» **What to do**: Reproduce exactly only the lines from the line that holds "evil, 1596. | |" to the line that holds "Акции корпорации выпущены", inclusive, in the listing below, and please leave out every picture.

» **Information shown**:
[Start of section]

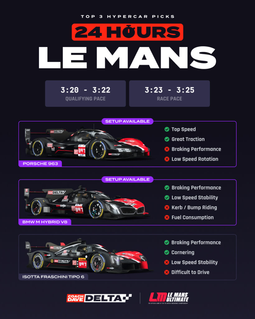 We’ve got setups ready for the 24 Hours of Le Mans this weekend in LMU and you can get them right now in Delta.
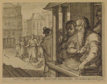 | Lycurgius discoursing on the relationship between good and evil, 1596. | |
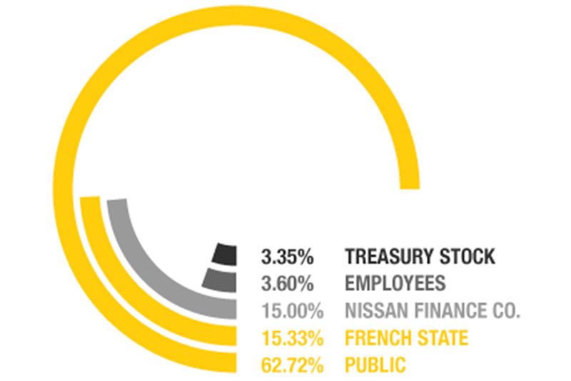 Акции корпорации выпущены на фондовый рынок под тиккером RNO. С момента продажи, благодаря устойчивости и надежности компании, активы обрели популярность среди инвесторов биржи Euronext.
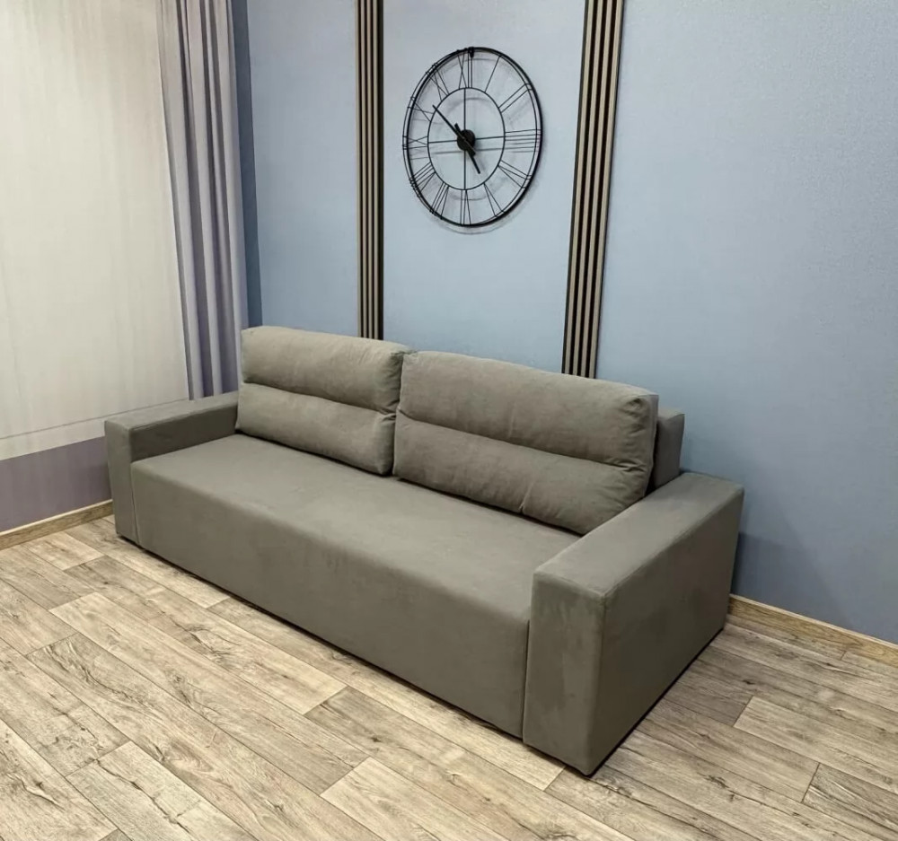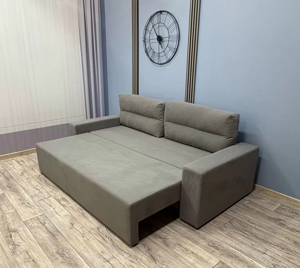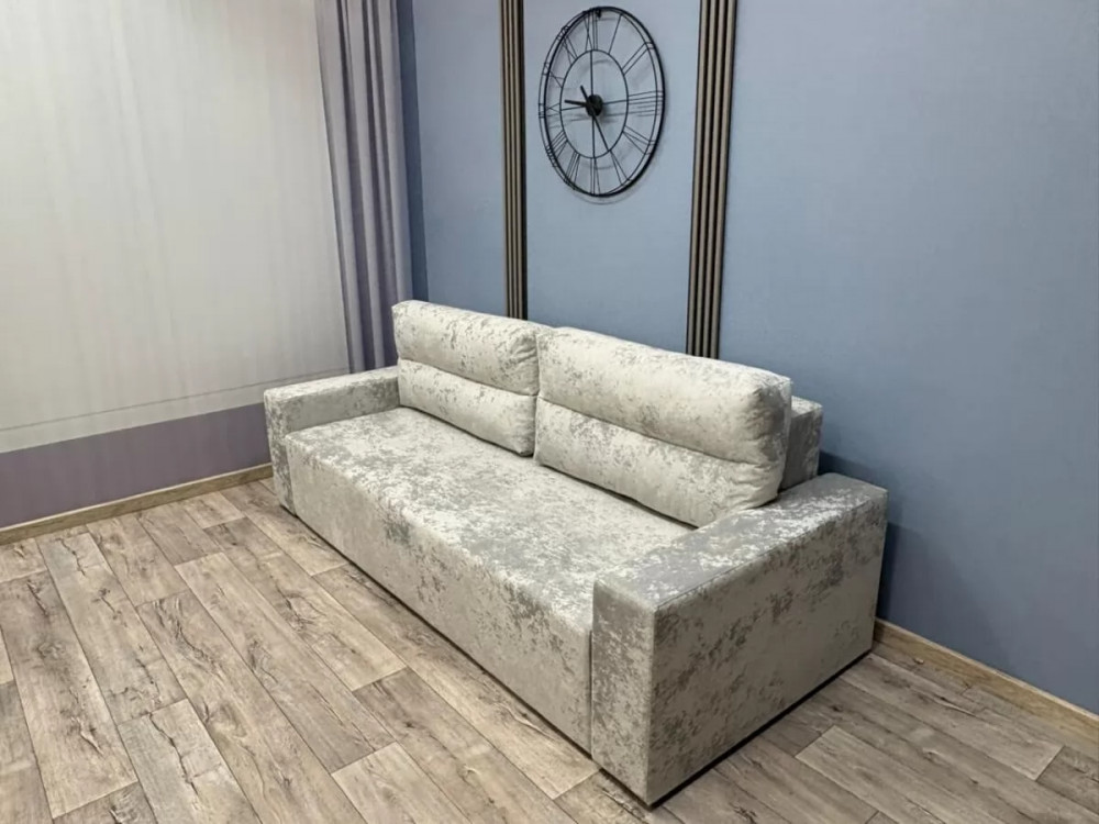 Каркас - древесина хвойных пород Способ раскладки –«Евро-книжка» Подушки - гипоаллергенный "Микс" Спинка, сиденье - независимый пружинный блок 120 мм, ППУ высокой плотности 30 мм Бельевой короб - ЛДСП Обивка - под заказ Опоры - пластиковые элементы Габариты - 2220*1000*900мм Спальное место - 2000*1600мм

[End of section]

» **Problem solution**:
 | Lycurgius discoursing on the relationship between good and evil, 1596. | |
 Акции корпорации выпущены на фондовый рынок под тиккером RNO. С момента продажи, благодаря устойчивости и надежности компании, активы обрели популярность среди инвесторов биржи Euronext.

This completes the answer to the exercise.